You are blind like us. Your hurt no man designed,
And no man claimed the conquest of your land.
But gropers both through fields of thought confined
We stumble and we do not understand.
You only saw your future bigly planned,
And we, the tapering paths of our own mind,
And in each other’s dearest ways we stand,
And hiss, and hate. And the blind fight the blind.

from “To Germany.”

On October 13th 1915, while the Battle of Loos [Belgium] was raging, a German sniper shot a captain in the Suffolk Regiment in the head and in so doing, ended the life of one of Britain’s most promising young poets.

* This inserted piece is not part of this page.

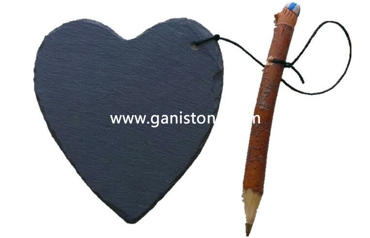 heart shape natural black slate memo with pen

Like many of his opposite numbers, Sorley had studied abroad, in Germany, and so was no knee-jerk jingoist. But he felt a duty to serve his country. He left behind a single posthumous volume, Marlborough and Other Poems and on the basis of that one slim volume alone, he seems to have been more influenced by Continental literary trends than the other British war poets still toiling in the long shadows cast by the Romantics. Certain of Sorley’s poems seem almost Expressionist in tone, a memento perhaps of his time spent as a student in Germany.

Whether Sorley’s expressionism came from literary journals or from the heart, the quality of the poems in his lone volume suggest that England’s loss was great. This was no Rupert Brooke re-cycling past glories. If Sorley’s death was not the great loss in British literature, it should be considered second only to that of Edward Thomas. Twenty years are not a lot of time t make one’s mark, but if such poet/critics as Robert Graves and John Masefield are to be believed, Charles Sorley succeeded brilliantly.